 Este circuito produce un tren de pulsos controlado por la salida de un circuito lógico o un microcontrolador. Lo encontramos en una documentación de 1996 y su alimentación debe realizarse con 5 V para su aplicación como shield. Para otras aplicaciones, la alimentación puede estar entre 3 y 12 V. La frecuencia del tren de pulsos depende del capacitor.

┄┄┄┄┄┄┄┄┄┄

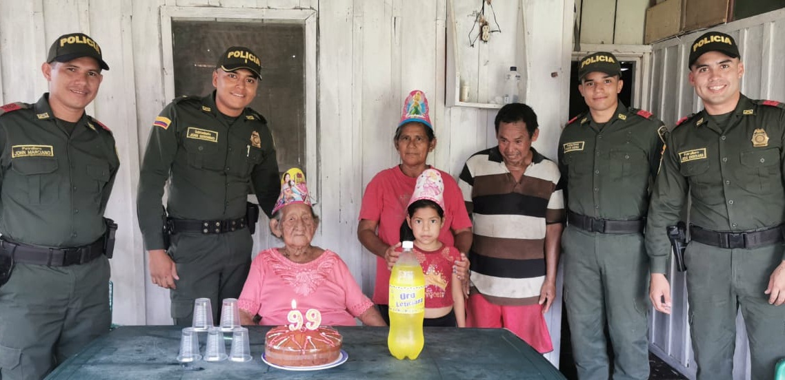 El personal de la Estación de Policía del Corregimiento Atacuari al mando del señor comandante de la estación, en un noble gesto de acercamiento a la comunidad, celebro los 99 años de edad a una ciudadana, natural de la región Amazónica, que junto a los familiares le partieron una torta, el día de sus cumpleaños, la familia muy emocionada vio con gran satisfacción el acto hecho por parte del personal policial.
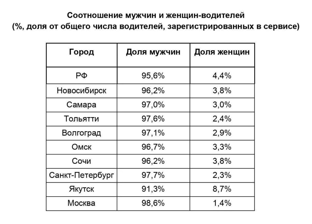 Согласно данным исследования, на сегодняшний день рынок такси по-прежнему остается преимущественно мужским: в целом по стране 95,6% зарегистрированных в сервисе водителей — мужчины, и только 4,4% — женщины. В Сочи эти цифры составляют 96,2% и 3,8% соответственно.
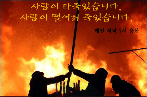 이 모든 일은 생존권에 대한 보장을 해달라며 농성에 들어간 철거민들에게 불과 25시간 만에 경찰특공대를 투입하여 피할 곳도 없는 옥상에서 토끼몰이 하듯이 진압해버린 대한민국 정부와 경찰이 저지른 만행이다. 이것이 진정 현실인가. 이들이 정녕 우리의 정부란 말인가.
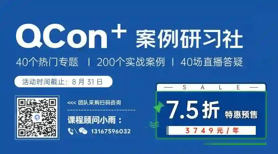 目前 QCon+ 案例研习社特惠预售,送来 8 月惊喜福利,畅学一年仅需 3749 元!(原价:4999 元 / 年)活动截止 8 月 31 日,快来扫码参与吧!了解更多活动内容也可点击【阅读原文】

┄┄┄┄┄┄┄┄┄┄

▶ Problem statement: Using the listing above, repeat word for word each line from the one with "El personal de" down to the one with "目前 QCon+ 案例研习社特惠预售,送来", both included. Omit all pictures.

▶ Response for this exercise:
 El personal de la Estación de Policía del Corregimiento Atacuari al mando del señor comandante de la estación, en un noble gesto de acercamiento a la comunidad, celebro los 99 años de edad a una ciudadana, natural de la región Amazónica, que junto a los familiares le partieron una torta, el día de sus cumpleaños, la familia muy emocionada vio con gran satisfacción el acto hecho por parte del personal policial.
 Согласно данным исследования, на сегодняшний день рынок такси по-прежнему остается преимущественно мужским: в целом по стране 95,6% зарегистрированных в сервисе водителей — мужчины, и только 4,4% — женщины. В Сочи эти цифры составляют 96,2% и 3,8% соответственно.
 이 모든 일은 생존권에 대한 보장을 해달라며 농성에 들어간 철거민들에게 불과 25시간 만에 경찰특공대를 투입하여 피할 곳도 없는 옥상에서 토끼몰이 하듯이 진압해버린 대한민국 정부와 경찰이 저지른 만행이다. 이것이 진정 현실인가. 이들이 정녕 우리의 정부란 말인가.
 目前 QCon+ 案例研习社特惠预售,送来 8 月惊喜福利,畅学一年仅需 3749 元!(原价:4999 元 / 年)活动截止 8 月 31 日,快来扫码参与吧!了解更多活动内容也可点击【阅读原文】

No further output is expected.